TASK STATEMENT - Below are entries; copy exactly the lines from the one with "(4)吸水管安裝在吸水井內(nèi),吸" through the one with "T. Church. Ottawa, Ont.", both included, and leave out the rest.
>>
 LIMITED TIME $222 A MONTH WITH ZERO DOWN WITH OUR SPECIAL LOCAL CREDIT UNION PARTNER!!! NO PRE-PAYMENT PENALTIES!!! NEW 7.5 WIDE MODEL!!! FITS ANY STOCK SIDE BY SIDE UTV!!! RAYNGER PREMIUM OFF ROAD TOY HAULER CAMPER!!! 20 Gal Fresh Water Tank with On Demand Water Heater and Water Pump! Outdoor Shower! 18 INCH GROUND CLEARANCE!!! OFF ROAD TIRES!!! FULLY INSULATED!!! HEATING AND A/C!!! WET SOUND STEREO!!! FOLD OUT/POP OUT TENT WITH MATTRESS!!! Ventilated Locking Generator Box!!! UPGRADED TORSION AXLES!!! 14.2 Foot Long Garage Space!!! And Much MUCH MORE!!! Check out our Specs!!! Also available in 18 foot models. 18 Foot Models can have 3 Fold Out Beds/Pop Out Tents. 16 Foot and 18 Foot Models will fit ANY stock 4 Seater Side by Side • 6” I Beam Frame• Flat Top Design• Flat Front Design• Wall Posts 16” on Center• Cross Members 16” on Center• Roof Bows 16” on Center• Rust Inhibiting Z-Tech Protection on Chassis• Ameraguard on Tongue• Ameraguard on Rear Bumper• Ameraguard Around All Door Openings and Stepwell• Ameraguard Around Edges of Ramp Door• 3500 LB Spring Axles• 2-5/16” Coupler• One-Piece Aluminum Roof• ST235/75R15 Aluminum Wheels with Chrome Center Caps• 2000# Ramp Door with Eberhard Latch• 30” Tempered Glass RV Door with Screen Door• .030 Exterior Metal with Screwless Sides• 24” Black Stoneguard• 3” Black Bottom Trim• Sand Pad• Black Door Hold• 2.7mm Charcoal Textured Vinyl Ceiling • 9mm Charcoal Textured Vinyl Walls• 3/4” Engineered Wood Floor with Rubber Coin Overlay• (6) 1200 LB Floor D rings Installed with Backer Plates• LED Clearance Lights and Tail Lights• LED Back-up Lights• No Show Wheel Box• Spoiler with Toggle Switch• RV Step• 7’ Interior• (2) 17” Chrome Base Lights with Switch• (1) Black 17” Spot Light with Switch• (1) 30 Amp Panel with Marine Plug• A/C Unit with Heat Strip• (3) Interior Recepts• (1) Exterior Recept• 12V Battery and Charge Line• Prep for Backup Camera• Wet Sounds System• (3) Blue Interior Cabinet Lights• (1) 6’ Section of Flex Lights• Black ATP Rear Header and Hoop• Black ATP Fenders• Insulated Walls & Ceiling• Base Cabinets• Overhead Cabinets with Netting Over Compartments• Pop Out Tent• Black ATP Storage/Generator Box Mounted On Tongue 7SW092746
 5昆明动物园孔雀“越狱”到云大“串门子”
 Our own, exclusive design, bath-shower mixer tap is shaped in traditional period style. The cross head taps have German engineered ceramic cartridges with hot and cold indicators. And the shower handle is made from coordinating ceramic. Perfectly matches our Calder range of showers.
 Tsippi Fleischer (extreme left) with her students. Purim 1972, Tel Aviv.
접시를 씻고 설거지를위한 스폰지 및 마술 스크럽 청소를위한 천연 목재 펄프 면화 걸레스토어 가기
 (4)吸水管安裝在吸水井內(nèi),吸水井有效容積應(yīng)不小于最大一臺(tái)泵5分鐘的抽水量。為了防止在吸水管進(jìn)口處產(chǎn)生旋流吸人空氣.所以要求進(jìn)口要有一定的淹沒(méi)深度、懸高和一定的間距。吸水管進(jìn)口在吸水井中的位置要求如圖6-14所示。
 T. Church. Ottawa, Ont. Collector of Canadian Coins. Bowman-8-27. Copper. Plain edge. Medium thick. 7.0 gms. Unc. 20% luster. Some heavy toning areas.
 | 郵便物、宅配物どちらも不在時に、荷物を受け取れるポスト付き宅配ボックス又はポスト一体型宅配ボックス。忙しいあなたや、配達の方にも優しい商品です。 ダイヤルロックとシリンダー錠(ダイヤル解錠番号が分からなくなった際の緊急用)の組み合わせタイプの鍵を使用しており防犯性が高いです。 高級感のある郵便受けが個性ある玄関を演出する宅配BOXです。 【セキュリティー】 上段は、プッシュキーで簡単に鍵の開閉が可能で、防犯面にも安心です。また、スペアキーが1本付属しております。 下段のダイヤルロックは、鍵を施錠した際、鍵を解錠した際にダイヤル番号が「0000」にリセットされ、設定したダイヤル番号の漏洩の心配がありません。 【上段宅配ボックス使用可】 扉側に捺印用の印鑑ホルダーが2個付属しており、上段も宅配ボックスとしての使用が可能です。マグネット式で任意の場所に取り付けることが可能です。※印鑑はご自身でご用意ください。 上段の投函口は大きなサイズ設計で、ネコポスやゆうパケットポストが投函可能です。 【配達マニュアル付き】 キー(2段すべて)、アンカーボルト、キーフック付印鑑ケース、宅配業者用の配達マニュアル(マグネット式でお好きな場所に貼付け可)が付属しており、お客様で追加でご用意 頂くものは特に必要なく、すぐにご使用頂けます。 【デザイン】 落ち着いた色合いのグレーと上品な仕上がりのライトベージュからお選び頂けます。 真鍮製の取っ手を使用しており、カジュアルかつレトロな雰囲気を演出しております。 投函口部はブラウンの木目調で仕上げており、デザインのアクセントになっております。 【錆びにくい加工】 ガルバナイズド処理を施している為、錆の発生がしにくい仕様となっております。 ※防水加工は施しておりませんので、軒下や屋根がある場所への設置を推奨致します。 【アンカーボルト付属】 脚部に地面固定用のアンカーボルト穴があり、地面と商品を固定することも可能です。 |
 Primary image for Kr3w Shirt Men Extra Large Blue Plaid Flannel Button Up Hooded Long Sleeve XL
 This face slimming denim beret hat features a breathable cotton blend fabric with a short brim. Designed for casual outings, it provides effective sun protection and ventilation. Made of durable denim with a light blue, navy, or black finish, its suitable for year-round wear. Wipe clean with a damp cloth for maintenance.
<<
FINAL ANSWER -
 (4)吸水管安裝在吸水井內(nèi),吸水井有效容積應(yīng)不小于最大一臺(tái)泵5分鐘的抽水量。為了防止在吸水管進(jìn)口處產(chǎn)生旋流吸人空氣.所以要求進(jìn)口要有一定的淹沒(méi)深度、懸高和一定的間距。吸水管進(jìn)口在吸水井中的位置要求如圖6-14所示。
 T. Church. Ottawa, Ont. Collector of Canadian Coins. Bowman-8-27. Copper. Plain edge. Medium thick. 7.0 gms. Unc. 20% luster. Some heavy toning areas.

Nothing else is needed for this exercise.